Las vacunas ARNm contra la COVID-19 marcaron un hito histórico, no solo científico sino también legal: fueron el primer gran producto sanitario distribuido globalmente bajo un paraguas de inmunidad civil casi total para sus fabricantes. Este modelo contractual de “riesgo cero” para la industria farmacéutica cumplió su objetivo inmediato –facilitar una producción veloz y masiva de vacunas en plena emergencia–, pero deja importantes interrogantes de cara al futuro. ¿Es sostenible y legítimo repetir este esquema en próximas crisis sanitarias? Desde un punto de vista financiero, cargar todos los costes de potenciales indemnizaciones al erario público puede ser complicado de asumir (más aún si los eventos adversos resultaran más frecuentes de lo previsto). Desde una óptica social, se corre el peligro de erosionar la confianza ciudadana si se percibe que siempre “pierde Juan Pueblo y gana la corporación”.
Los recientes casos en tribunales –con indemnizaciones reconocidas a víctimas en España, Alemania y otros países– son un recordatorio de que, por más excepcional que sea la circunstancia, los derechos individuales no desaparecen. Las personas afectadas han tenido que golpear las puertas de la justicia para obtener lo que en equidad merecían: ser compensadas por sacrificarse en pro de la salud pública. Esto indica que el pacto implícito durante la pandemia (tú te vacunas por el bien común, y si te pasa algo estaremos ahí para ayudarte) no estaba suficientemente articulado en los mecanismos gubernamentales iniciales, sino que hubo que reconstruirlo caso a caso. Es una enseñanza valiosa.
En conclusión, las vacunas ARNm fueron lanzadas al mercado blindadas frente a reclamaciones civiles es un aspecto controvertido que ha abierto un necesario debate legal y político. ¿Debe el Estado actuar como asegurador universal de último recurso en emergencias sanitarias, liberando por completo a las empresas del riesgo? ¿O debe buscarse un equilibrio que obligue a las farmacéuticas a mantener cierta skin in the game (responsabilidad en el juego) para incentivar la máxima seguridad?
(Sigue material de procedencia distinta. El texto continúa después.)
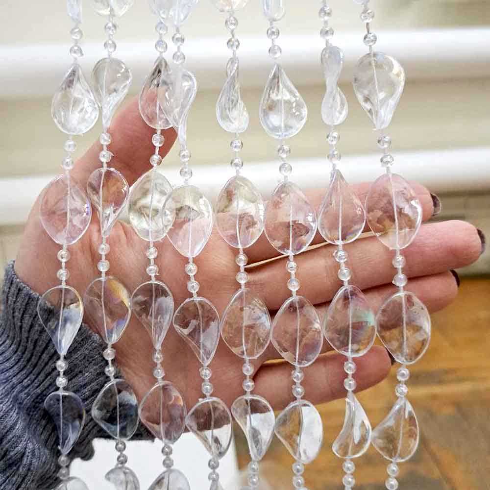 Празддничное оформление - можно собрать из бусин шторы или украсить люстры.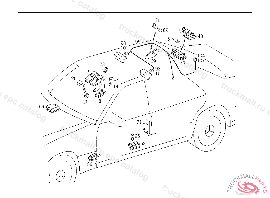 INTERIOR LAMP REAR DOME LAMP, WITH PARKTRONIC SYSTEM,NO.9051I NO.5076II NO.8F20I NO.8F30III NO.7101I NO.7101I NO.8F30I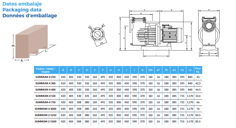 هذه مضخة ذاتية الشفط ذات حجم كبير تعمل بصمت بفضل محركها بأربعة أقطاب. وهي متاحة بإصدارين بأربعة واثنين من الأقطاب، مما يجعلها مثالية لأنظمة الترشيح الأكبر. تتميز المضخة بوجود فلتر مسبق ضخم على جانب الشفط، مع غطاء بولي كربونات لمشاهدة سهلة لمحتويات سلة فلتر مسبق. وتتألف علبة الفلتر المسبق، علبة المضخة، الطلمبة، الطلمبة العكسية، والغطاء من بولي بروبيلين محمل بألياف الزجاج، مقاوم للمواد الكيميائية الموجودة في حمامات السباحة. وتتكون سلة فلتر مسبق من البوليثين، وتحتوي الغطاء على نظام إغلاق من أربعة أعمدة. وتتكون الدفاعة من مادة نوريل، والختم الميكانيكي من الكربون السيراميك والفولاذ المقاوم للصدأ AISI-316. وتتكون البراغي من الفولاذ المقاوم للصدأ AISI-316، ويتكون العمود من الفولاذ المقاوم للصدأ AISI-316 أيضًا. وتحتوي المضخة على وصلات قياسية.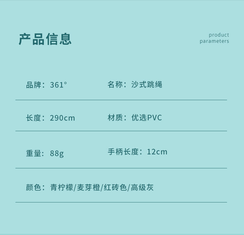 商品名称:361°跳绳中小学生考试专用沙式跳绳体育健身无计数竞速跳绳 青柠色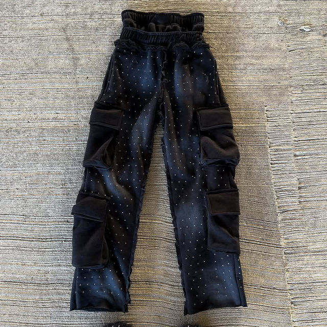 กางเกงขายาวผู้ชาย Kivotech รุ่นสั่งทำพิเศษ ทรงหลวม สไตล์ซันเฟด กางเกงสเวตแพนท์สี่กระเป๋า กางเกงคาร์โก้ กางเกงสเวตแพนท์ลายฟอกสี กางเกงสเวตแพนท์ประดับเพชร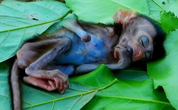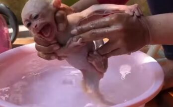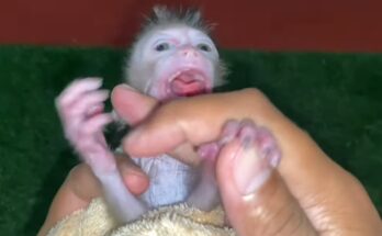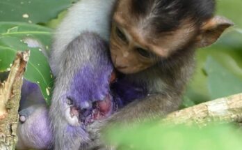 In a quiet corner of the forest, a tiny baby monkey lies alone, its soft cries echoing through the trees. Its small body trembles as it searches for warmth, for …

La experiencia de COVID-19 nos invita a no aceptar acríticamente que la única vía sea privatizar beneficios y socializar riesgos. En futuras emergencias, la legitimidad de las medidas excepcionales dependerá de cómo integremos las lecciones aprendidas: transparencia en los acuerdos, previsión de compensaciones justas y, sobre todo, colocar a las personas en el centro de la respuesta, sin que nadie quede desamparado en pos de un supuesto bien común.